Evidentemente nós reconhecemos os variados modelos de expansão que circulam entre as igrejas e diferentes ministérios e sabemos que muitas igrejas estão alcançando resultados numéricos atraentes. Não é uma pretensão que nossas reflexões sejam consideradas superiores ou melhor elaboradas; ao contrário, consideramo-las um convite a igrejas mais afastadas dos grandes centros urbanos, com menos recursos de propaganda e mídia, a fim de que não sejam desanimadas do envolvimento com a sua missão específica e local de levar o Evangelho aos vizinhos e trazer a sociedade local para uma caminhada na presença do Senhor.

A autopropagação

Consideremos os textos de Atos 1.8 e 13.1-3.

Mas receberão poder quando o Espírito Santo descer sobre vocês, e serão minhas testemunhas em Jerusalém, em toda a Judeia e Samaria, e até os confins da terra. […]

Na igreja de Antioquia havia profetas e mestres: Barnabé, Simeão, chamado Níger, Lúcio de Cirene, Manaém, que fora criado com Herodes, o tetrarca, e Saulo. Enquanto adoravam ao Senhor e jejuavam, disse o Espírito Santo: “Separem-me Barnabé e Saulo para a obra a que os tenho chamado”. Assim, depois de jejuar e orar, impuseram-lhes as mãos e os enviaram.

A expansão da igreja é atividade prevista e desejada pelo Senhor. Embora alguns defensores da expansão numérica claramente a desejem por motivos menos nobres, ao menos a considerar suas práticas nada ortodoxas em relação ao tipo de mensagem que pregam e ao modo como passam por cima de ensinos claros do Evangelho como a simplicidade, o socorro dos necessitados, a santidade, entre outros, ainda assim podemos notar que Jesus pretendeu a expansão de seu Reino. Por trás de um crescimento assim, estão as almas que poderiam se perder, mas terão a oportunidade de serem salvas, de livrar-se da condenação eterna, como acreditamos que irá ocorrer a quem não adotar a salvação oferecida por Cristo a todo aquele que nele crer (Jo 3.16).

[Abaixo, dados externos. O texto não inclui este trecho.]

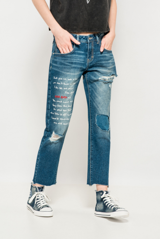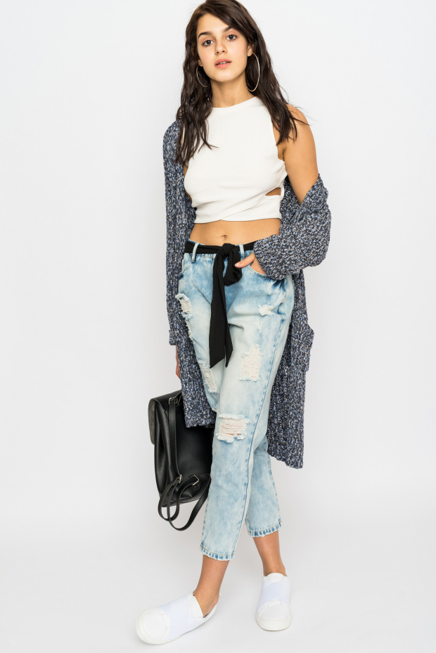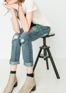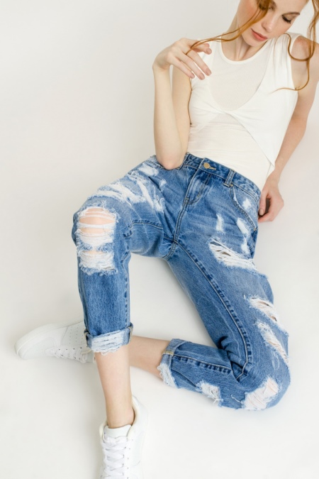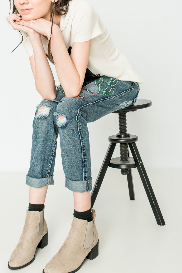 This season in trend is wide or straight jeans with high and medium fit. Actual length 7/8. An interesting element is a ragged bottom, complemented by a still uneven cut. Ripped jeans are still in fashion.

De que forma ela pode ocorrer na atual sociedade? Essa pergunta exige uma resposta ampla, quando levamos em conta as inúmeras diferenças que podem ser encontradas no Brasil, desde as geografias social, econômica e política, passando pela cultura, pela localização industrial ou vocação de um estado ou região, e outros pontos que têm sido levados em conta pelos especialistas em expansão da igreja. Não temos espaço para tanto e, como dito na introdução, estamos considerando reflexões mais modestas que visem provocar os leitores e seus pares a discussões e a ações.

A autopropagação é a capacidade de uma igreja de gerar o crescimento do corpo para fora de seus muros. Faz parte da identidade mais forte da Igreja crescer “para fora”. Para fora de onde? Jesus chamou seus primeiros discípulos para fora do sistema religioso fossilizado do judaísmo, que havia sido viciado pelos mestres da Lei, fariseus e sacerdotes da antiga aliança. Mas manteve-nos no mundo para sermos sal e luz (Mt 5.13), mesmo dizendo que não éramos do mundo (Jo 15.19; 17.16).

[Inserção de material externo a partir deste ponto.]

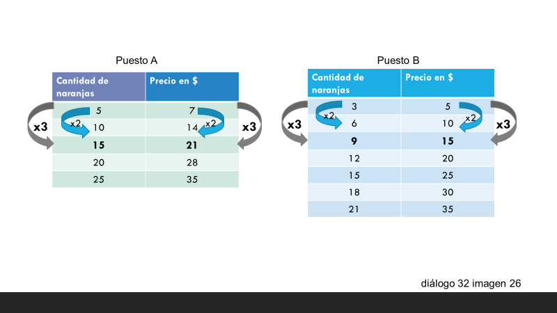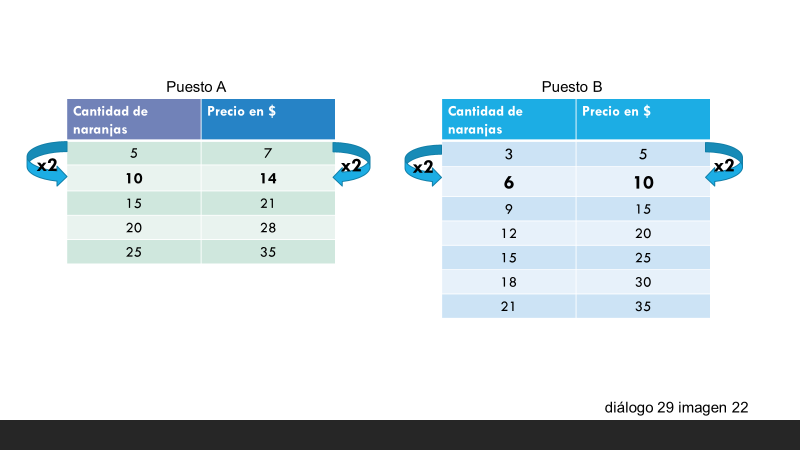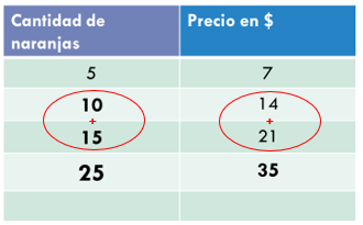 Como observas en ambas tablas, se puede obtener la cantidad de naranjas y su precio, si se duplican los valores iniciales.

Há alguns bons exemplos de autopropagação na igreja primitiva descrita em Atos. Em Jerusalém, nos primeiros meses após a ressurreição do Senhor, é possível notar que os cristãos judeus foram prósperos na evangelização. Apenas duas ocorrências nas quais Pedro pregou (At 2.41; 4.4) no templo somam oito mil conversões (embora nem todos fossem moradores da cidade). Há historiadores que estimam 20 mil almas já no primeiro ano da igreja. Apenas para efeitos comparativos, J. Jeremias, teólogo alemão, calculou a população local da cidade de Jerusalém nos tempos de Jesus perto de 30 mil habitantes.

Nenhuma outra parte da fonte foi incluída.